Она прильнула к нему плотнее и закрыла глаза. Как тепло, подумала она, как хорошо. А Антошке сейчас? Как-то Кира сможет его поддержать? Она, конечно, славная и сильная, и любит его, но тут… Ай, ладно. Матерям всегда кажется, что жены сыновей не дотягивают до нужных высот заботы и самопожертвования. Андрей прав, это уже их жизнь. Но и мы… Нет, Симагин, подумала Ася. Наше время ещё не ушло. Пока ты можешь меня взять… и пока я могу… Ладно. Раньше времени не буду даже думать об этом. Тьфу-тьфу-тьфу. Тьфу-тьфу-тьфу. Не исключено, что я тебе ещё устрою сюрприз, ещё удивлю на старости лет. Напоследок.

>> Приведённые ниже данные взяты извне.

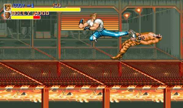 游戏发生在一个名叫Metro的混乱都市,由于黑帮的出没(尤其是一个名叫Mad Gear的黑社会组织),这里成了地球上最乱的地方,就连Metro市长Haggar(市长居然是一位满身横肉的大叔)的女儿杰西卡也被绑架,于是在杰西卡男友Cody(一位普通人)和Guy(Cody的好友,受过专门的忍术训练)的加入后,Haggar等三位街头战士决心铲除当地恶势力。《快打旋风》是由CAPCOM公司开发的格斗类型游戏,于1989年发售,最早是作为《街头霸王》的续作而开发的,原名《街头霸王89》。

И себя удивлю, честно говоря.
Я уж думала, после всех тех дел я ничего не могу — а вот поди ж ты. В мои-то годы… Жутковато.

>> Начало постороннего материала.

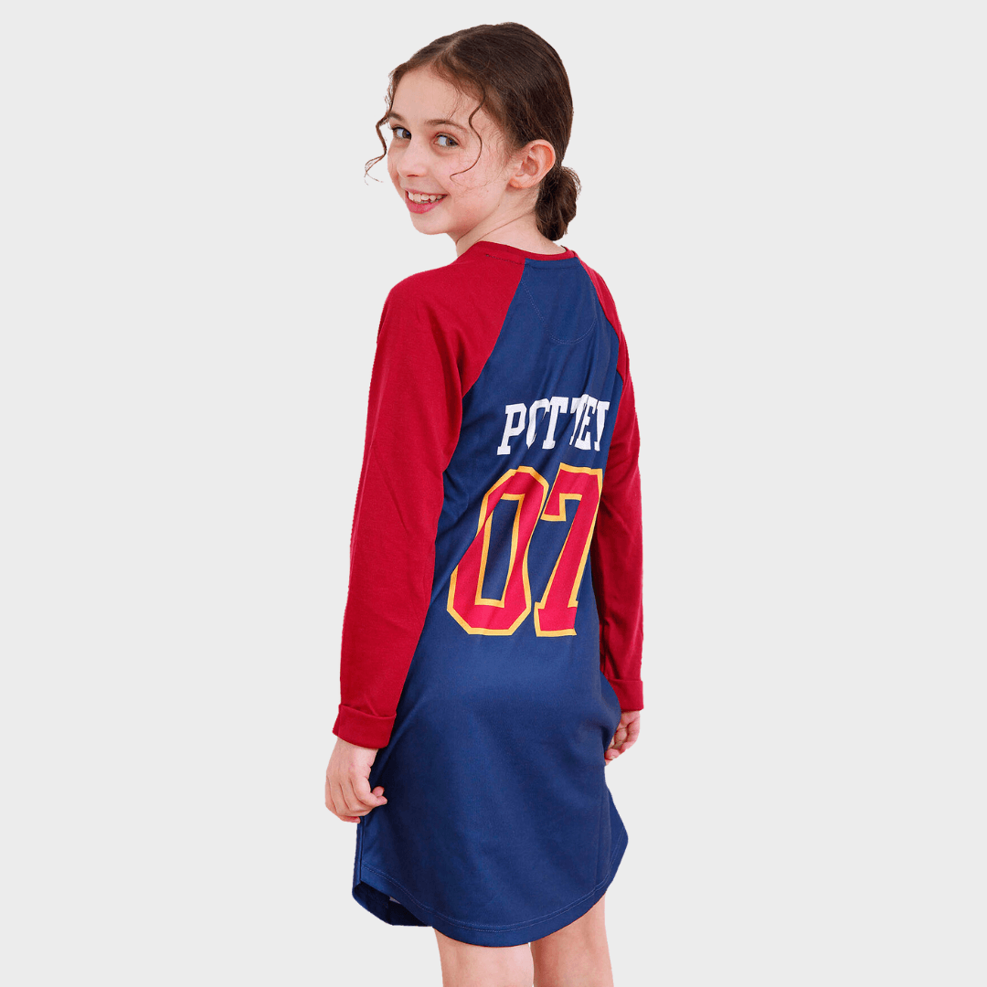 This wizards nightdress is ideal for a night in the dormitories at Hogwarts. The navy and burgundy colour complements the house emblem of Gryffindor printed on the front. The back of the pyjama is styled as a sports jersey with Harry Potter's Quidditch number 7 printed in bold writing. The long raglan sleeves are finished with a rolled cuff detail to give somewhere to tuck your wand to protect yourself from the Dark Arts during night time.

Один раз я уже отняла у тебя твоего ребенка. Пусть не только по своей вине — но и по своей тоже, я ведь все-таки не чашка, которую так легко переставить с полки на полку. А повела себя, как чашка.
Один раз отняла, но теперь сделать такую мерзость меня не заставит никакая сила на земле. Разве что смерть.
— Давай музыку поставим, — попросила она.
— Давай, — тут же согласился он.
— Рахманинова хочу.
— Давай Рахманинова. Вокализ?
— Угу. Нину Муффо.
— Ставь.
— Ну что такое, Симагин? В кухню я, за пластинкой я…
— А мне нравится смотреть, как ты ходишь.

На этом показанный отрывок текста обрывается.